Crude oil is set to have an intriguing week, especially following Friday's breakout. Prices surged even before OPEC+'s weekend decision to prolong supply cuts, suggesting investors may have anticipated such an extension.
Additionally, indications of robust demand from Asia contributed to Friday's surge in crude prices.
A slew of significant data releases and central bank announcements scheduled this week includes the eagerly awaited US nonfarm payrolls report on Friday, so financial markets could be in for a bit of volatility.
Unless unforeseen weakness in global data signals a slump in oil demand, crude prices are likely to continue their upward trajectory, buoyed by last week's bullish breakout and a supportive macroeconomic environment, largely attributed to ongoing OPEC+ intervention.
Before delving into OPEC's recent decision to bolster oil prices, let's briefly examine the WTI chart, which strongly suggests further gains could be on the horizon.

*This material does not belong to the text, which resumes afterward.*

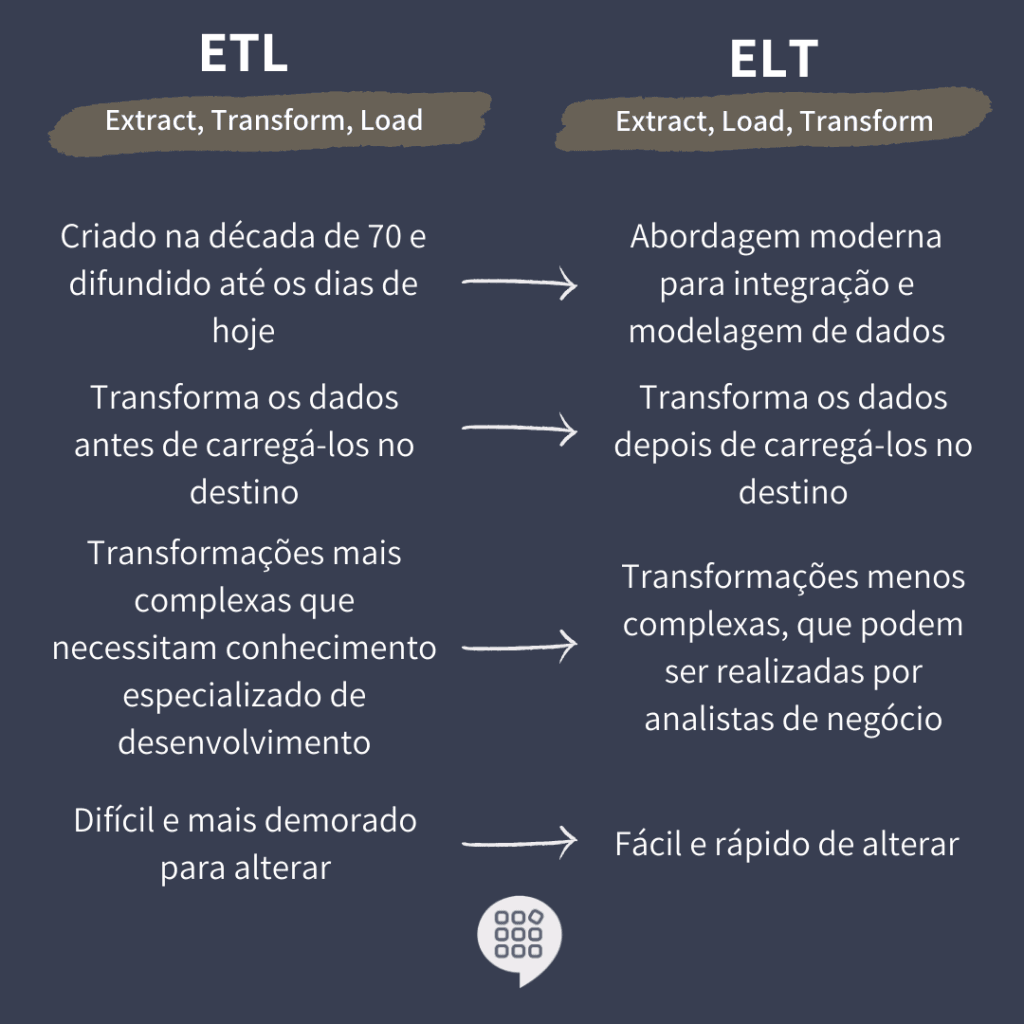 A sigla ELT significa "Extract, Load, Transform", ou em português "Extrair, Carregar, Transformar", e refere-se ao processo usado para replicar dados de uma fonte em uma base de dados. No ELT, os dados são extraídos da fonte, carregados no seu destino e só então transformados.

During Friday's surge, crude oil successfully breached a significant resistance range from $79.00 to $80.00, a zone from which oil prices had consistently retreated since November.
With this clear breakthrough, the technical outlook favors further upward movement as we start the new week.
To sustain the bullish momentum, the bulls must defend this newfound ground. If they succeed, WTI may target the upper boundary of its channel, approximately around the $83.00 mark.
Another bullish objective lies at $84.60, aligning with the 61.8% Fibonacci retracement level from the September downturn.
The line in the sand for me now stands at $78.00, the level around which the last rally started in the latter half of last week.